# Sub-Zero, Wolf or Kitchenaid?



## smb3a (Oct 22, 2007)

I am trying to decide between a Wolf Convection Microwave vs. a Kitchenaid Microwave. I would appreciate any suggestions? 
Also, I am trying to decide between a Kitchenaid ice maker vs. Sub Zero ice maker?


----------



## crispysgirl (Nov 2, 2007)

I personally would go with Wolf and Subzero. Kitchenaid is made by Whirlpool and there's nothing wrong with it...but if you are going to using this equipment ALOT...go for professional grade-will last much longer and warranties may be better as well. IMO...


----------



## muskyhopeful (Jun 16, 2006)

FWIW, you may want to check who makes the Wolf Microwave. When I purchased my Wolf Range two years ago, Wolf did not make microwaves, but rather put their badge on someone else's product. Don't get me wrong, I love my Wolf Range, but I'm not sure I would want to pay for the Wolf name on a microwave made by another company.

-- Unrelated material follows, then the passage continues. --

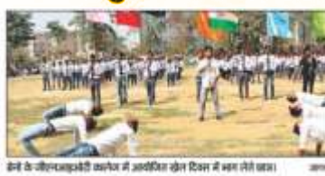
छात्रों के जीएनआईओटी कॉलेज में आयोजित खेल प्रतियोगिताओं में भाग लेते छात्र।

Could be they are now making them, however. Should be easy to find out.


----------



## cheftorrie (Jun 23, 2006)

Welp. in one aspect, Kitchenmaid is maid by Whirlpool. However, I was never aware that Wolf was just sticking stickers on products that they where not making, but hmm, you never know. As for the freezer in my house, and the ones in my restaurant, they are sub-zero. And the ranges, well the one in my house is an old kenmoore that I hate, but the ones in my restaurant are wolfs and I love them. Again, as far as microwaves go, sorry, I dont have much advice there,


----------



## marye (Sep 20, 2007)

Everything in my kitchen is Wolf/Subzero and I love them!

Good luck!


----------



## foodpump (Oct 10, 2005)

Whirlpool ice machines have a reputation for breaking down, and there's only a 1 yr warranty on them. Get a Hoshizaki, very similiar in size, ( will fgit into 15" wide cabinets) but waaay better performance and a much longer warranty. In spite of the name, Hoshizaki are made in, Ga. I think.


----------